How U.S. Army First Sergeant Eddie Baker helped mend broken soldiers coming home from the ‘House of Broken Toys.’
When one thinks of soldiers coming home from war, there are two images that most often come to mind. The first, for most people, is the flag waving, band playing celebrations that take place in airports all over the country and are shown on every major headline news network, especially as a segway into commercial breaks.
The second, and less pleasant image, is that of flag covered coffins flying back home carrying those who had made the ultimate sacrifice. This image still lingers in the minds of America’s older generations, but has not been placed into the minds of the younger generations of Americans at all, because a ban of photos showing flag draped coffins of fallen soldiers was place by the Pentagon back in 1991, a time at which many of those coming back today in flag covered coffins had not yet been born. This is a controversial issue in and of itself, and a practice that has not been followed by many other western nations, allies of the U.S. in the war on terror, such as Australia, where funerals of the fallen are often broadcast on television so that the younger generations can keep in the forefront of their minds the human cost of war, as opposed to merely the financial costs which are mostly reported by the U.S. media machine.

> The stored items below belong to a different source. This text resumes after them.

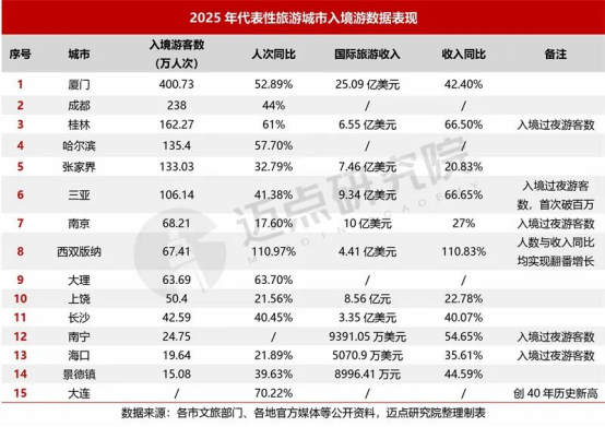 代表性城市入境游发展情况,除北京、上海等一线城市外,以厦门、成都、南京、长沙等为代表的新一线城市,以桂林、三亚、张家界、西双版纳、大理、景德镇、上饶等为代表的特色旅游城市,均成为外国游客竞相打卡和奔赴的旅游目的地城市,入境旅游目的地形成多元化、下沉化发展格局。部分城市入境游数据表现:2025年,厦门市入境游市场的爆发式增长,入境游客量约400万人次、同比增幅超50%;三亚市入境过夜游客规模首次破百万大关;南京市入境游“吸金”能力持续增强,实现旅游外汇收入9.9亿美元,同比增长27%;大连市累计接待入境游客同比劲增70.69%,超越2019年同期水平,创下1985年以来历史峰值;西双版纳州入境旅游人次与收入同比均实现翻番增长,大理入境游客数同比增幅超60%。
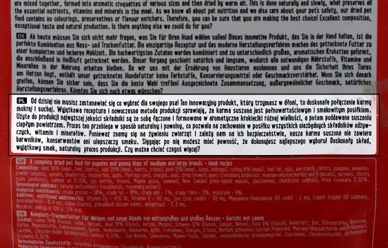 Zawartość witaminy E 40 mg/kg
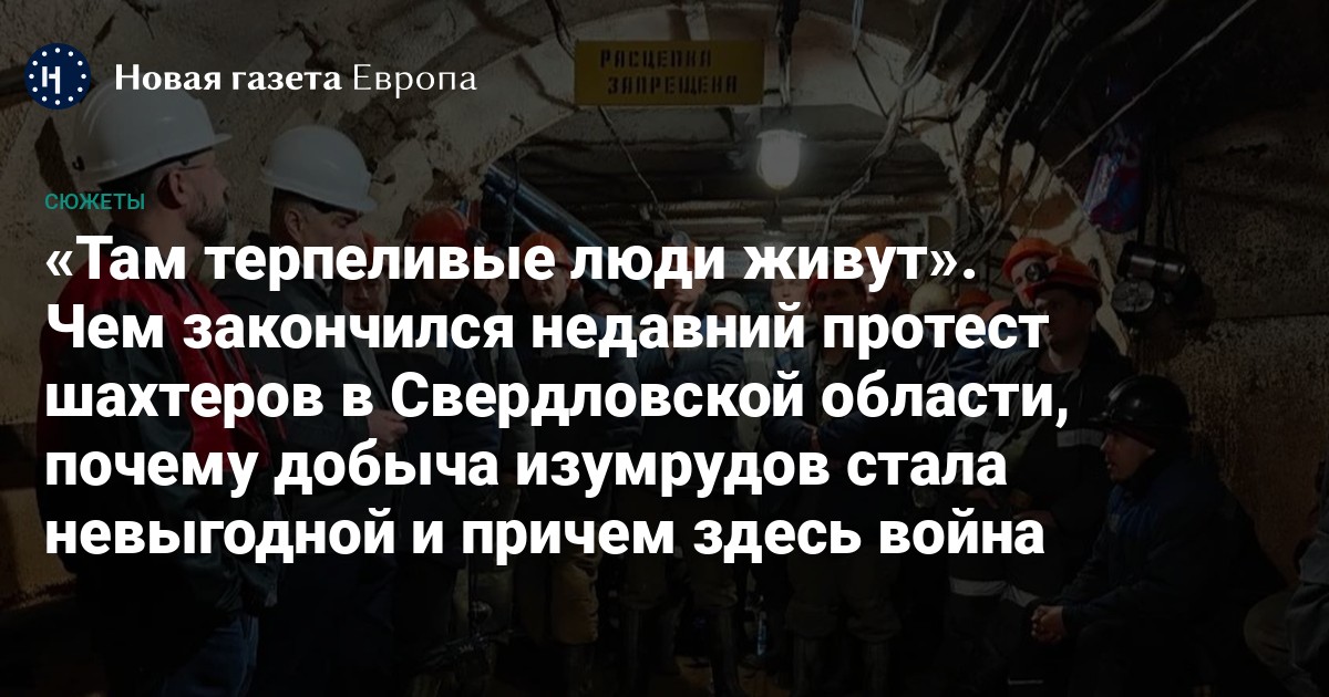 9 июня в Свердловской области завершилась забастовка шахтеров Мариинского прииска. Больше суток они протестовали против планов реконструкции предприятия, предполагающих консервацию изумрудной шахты и сокращение рабочих мест. Между шахтерами и работодателями достигнуто соглашение, которое вроде бы устроило все стороны. Управляющая компания «РТ-Капитал» пообещала рассмотреть вопрос о сохранении шахты. В соглашении, подписанном сторонами, предусмотрено также создание рабочей группы с участием представителей трудового коллектива, которая должна контролировать процесс реструктуризации предприятия. 15 июня такая рабочая группа действительно была создана. Однако независимые аналитики говорят, что на самом деле всё только начинается, потому что подписанное соглашение в текущих условиях невыполнимо.
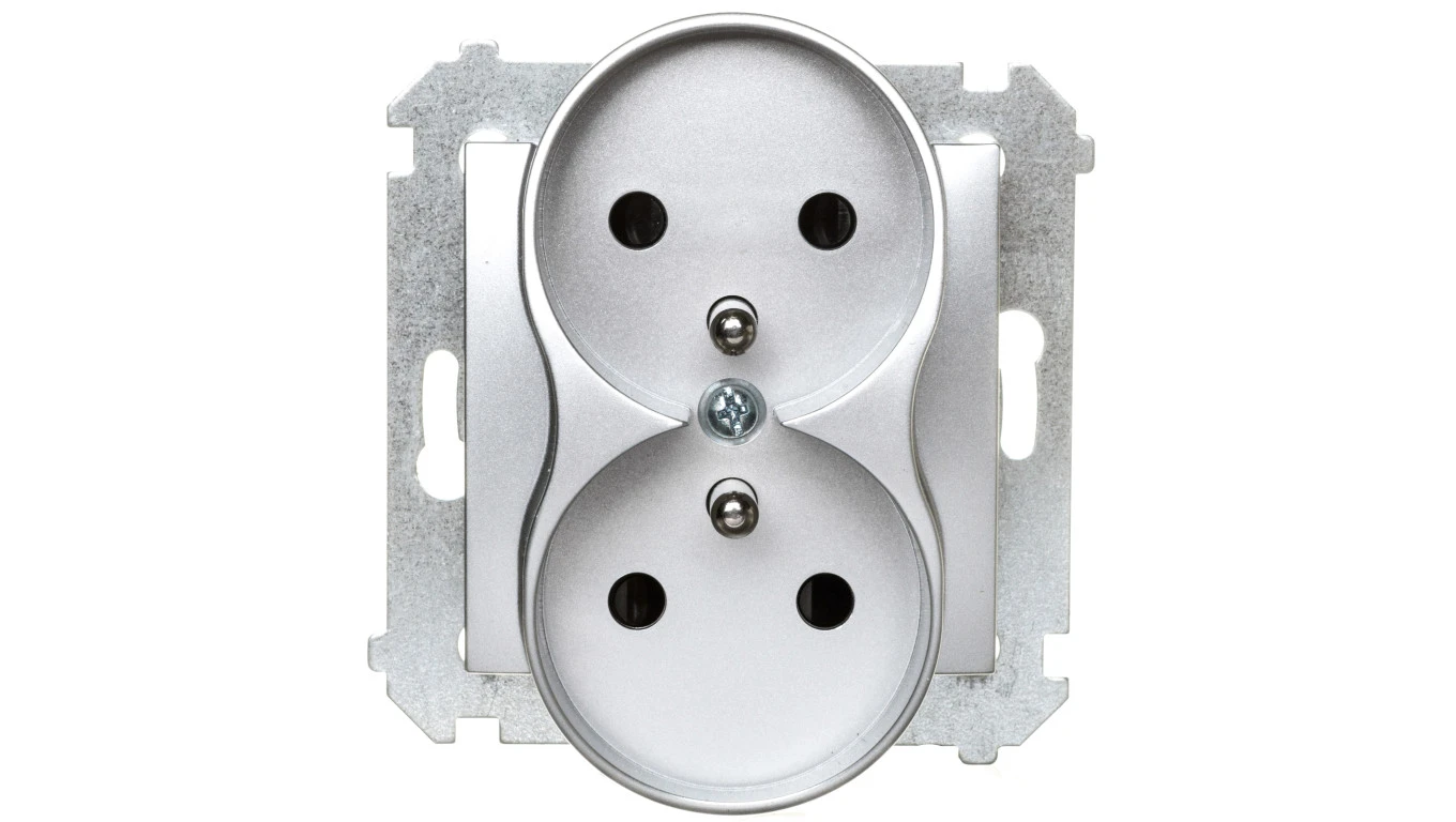 Simon 54 Nature Gniazdo podwójne z/u 16A 250V z przesłonami do ramek srebrne DGZ2MZN.01/43

There is also a third way in which soldiers commonly come home from war. It isn’t shown on television, though the right to do so has not been blocked by the Pentagon. There are no flags waving and no families waiting with big signs and babies to hug. There are no bands and banners and flash bulbs clicking and everything else that goes with the traditional pomp and circumstance of coming home from war. That which awaits this third group of veterans is hospital beds, needles and scalpels, and more than likely an endless supply of medications that may or may not become part of the next battle these warriors end up fighting.
I’m talking about wounded warriors; the soldiers who are sent back home after suffering serious injury or illness in theater, or who are screened at the various military redeployment sites around the country as units come back from war, and are determined to be injured to the point of needing extended medical treatment- sometimes physical, sometimes psychological, sometimes both- and who are sent off to any of the numerous Warrior Transition Units (WTU) around the U.S. for the care they need.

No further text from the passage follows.